Source records below:
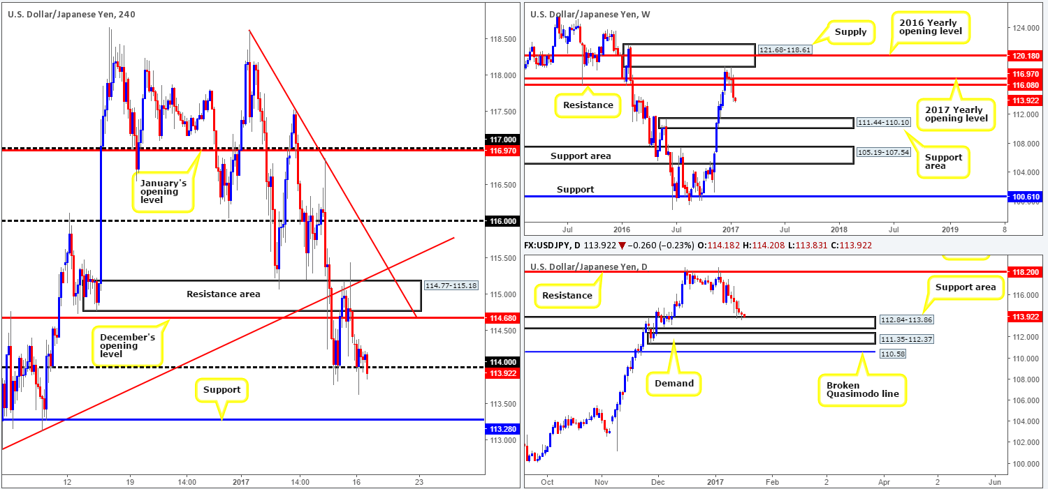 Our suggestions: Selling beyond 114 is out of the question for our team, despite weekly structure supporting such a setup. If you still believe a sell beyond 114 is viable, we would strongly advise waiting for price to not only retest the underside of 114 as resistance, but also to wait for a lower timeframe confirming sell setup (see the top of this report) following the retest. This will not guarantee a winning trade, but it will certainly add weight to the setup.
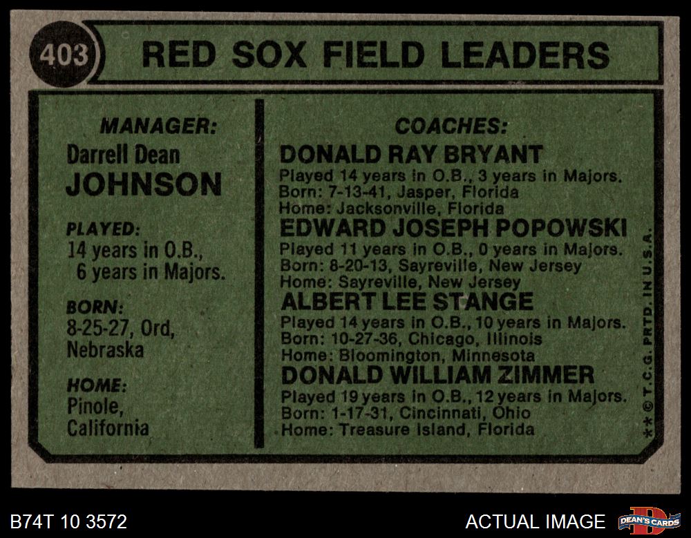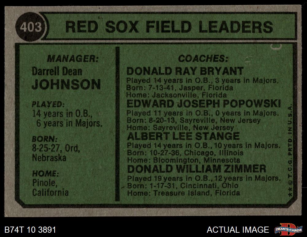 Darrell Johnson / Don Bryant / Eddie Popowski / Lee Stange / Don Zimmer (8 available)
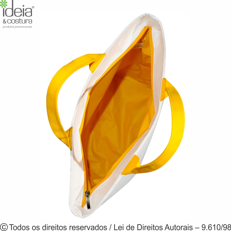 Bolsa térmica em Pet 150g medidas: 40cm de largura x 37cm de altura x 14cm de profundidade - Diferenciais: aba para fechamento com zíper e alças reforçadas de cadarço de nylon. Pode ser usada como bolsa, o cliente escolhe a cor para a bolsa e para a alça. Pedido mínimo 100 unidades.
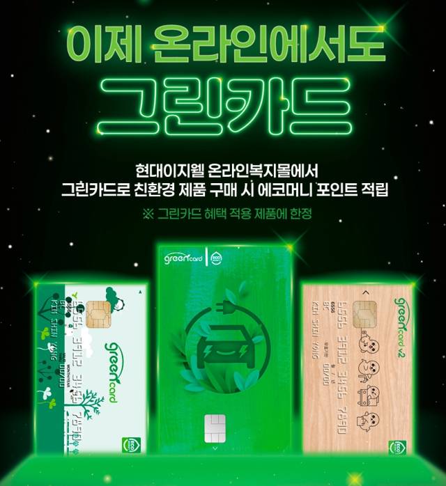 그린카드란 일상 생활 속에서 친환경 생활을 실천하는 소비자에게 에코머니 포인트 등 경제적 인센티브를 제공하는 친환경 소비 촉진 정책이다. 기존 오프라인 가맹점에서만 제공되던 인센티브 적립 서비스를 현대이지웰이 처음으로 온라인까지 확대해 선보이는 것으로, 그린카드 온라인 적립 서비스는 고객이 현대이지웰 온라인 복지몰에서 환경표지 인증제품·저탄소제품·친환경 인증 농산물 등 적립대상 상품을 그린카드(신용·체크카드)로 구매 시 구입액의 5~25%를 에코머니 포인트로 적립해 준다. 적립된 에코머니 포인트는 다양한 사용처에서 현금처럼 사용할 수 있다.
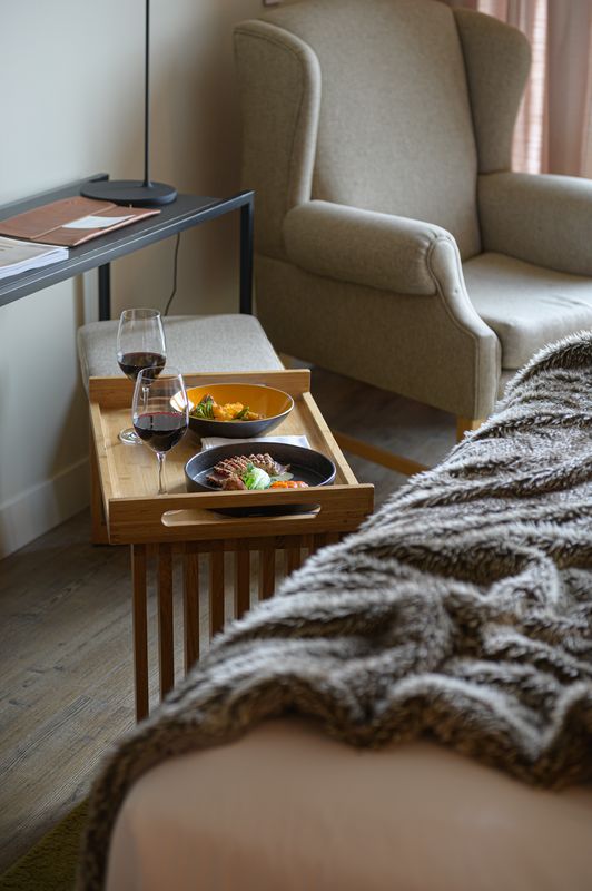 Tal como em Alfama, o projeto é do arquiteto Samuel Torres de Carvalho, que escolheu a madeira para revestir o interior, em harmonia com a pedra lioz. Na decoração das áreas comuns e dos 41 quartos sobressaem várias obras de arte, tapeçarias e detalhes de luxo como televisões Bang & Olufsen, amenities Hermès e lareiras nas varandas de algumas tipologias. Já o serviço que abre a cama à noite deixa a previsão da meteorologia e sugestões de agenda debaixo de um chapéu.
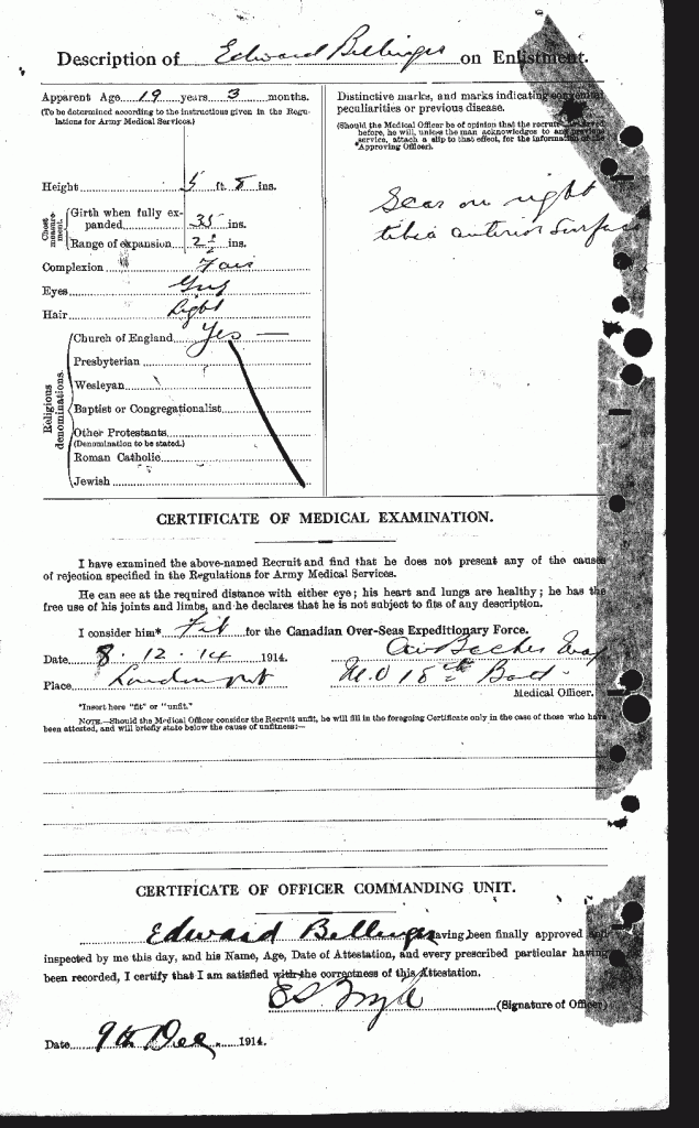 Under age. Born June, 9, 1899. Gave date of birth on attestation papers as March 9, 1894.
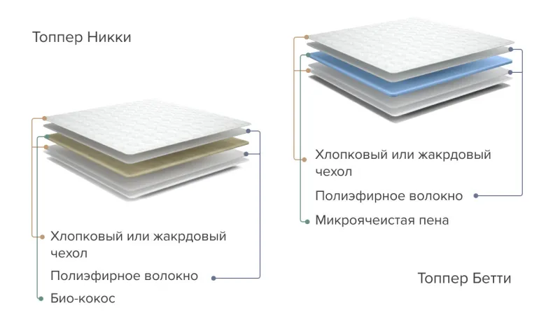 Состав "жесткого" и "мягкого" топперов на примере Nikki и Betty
End of Source records.
Aim of the exercise: Omit every picture while transcribing the records above exactly.

Solution for this task:
 Our suggestions: Selling beyond 114 is out of the question for our team, despite weekly structure supporting such a setup. If you still believe a sell beyond 114 is viable, we would strongly advise waiting for price to not only retest the underside of 114 as resistance, but also to wait for a lower timeframe confirming sell setup (see the top of this report) following the retest. This will not guarantee a winning trade, but it will certainly add weight to the setup.
 Darrell Johnson / Don Bryant / Eddie Popowski / Lee Stange / Don Zimmer (8 available)
 Bolsa térmica em Pet 150g medidas: 40cm de largura x 37cm de altura x 14cm de profundidade - Diferenciais: aba para fechamento com zíper e alças reforçadas de cadarço de nylon. Pode ser usada como bolsa, o cliente escolhe a cor para a bolsa e para a alça. Pedido mínimo 100 unidades.
 그린카드란 일상 생활 속에서 친환경 생활을 실천하는 소비자에게 에코머니 포인트 등 경제적 인센티브를 제공하는 친환경 소비 촉진 정책이다. 기존 오프라인 가맹점에서만 제공되던 인센티브 적립 서비스를 현대이지웰이 처음으로 온라인까지 확대해 선보이는 것으로, 그린카드 온라인 적립 서비스는 고객이 현대이지웰 온라인 복지몰에서 환경표지 인증제품·저탄소제품·친환경 인증 농산물 등 적립대상 상품을 그린카드(신용·체크카드)로 구매 시 구입액의 5~25%를 에코머니 포인트로 적립해 준다. 적립된 에코머니 포인트는 다양한 사용처에서 현금처럼 사용할 수 있다.
 Tal como em Alfama, o projeto é do arquiteto Samuel Torres de Carvalho, que escolheu a madeira para revestir o interior, em harmonia com a pedra lioz. Na decoração das áreas comuns e dos 41 quartos sobressaem várias obras de arte, tapeçarias e detalhes de luxo como televisões Bang & Olufsen, amenities Hermès e lareiras nas varandas de algumas tipologias. Já o serviço que abre a cama à noite deixa a previsão da meteorologia e sugestões de agenda debaixo de um chapéu.
 Under age. Born June, 9, 1899. Gave date of birth on attestation papers as March 9, 1894.
 Состав "жесткого" и "мягкого" топперов на примере Nikki и Betty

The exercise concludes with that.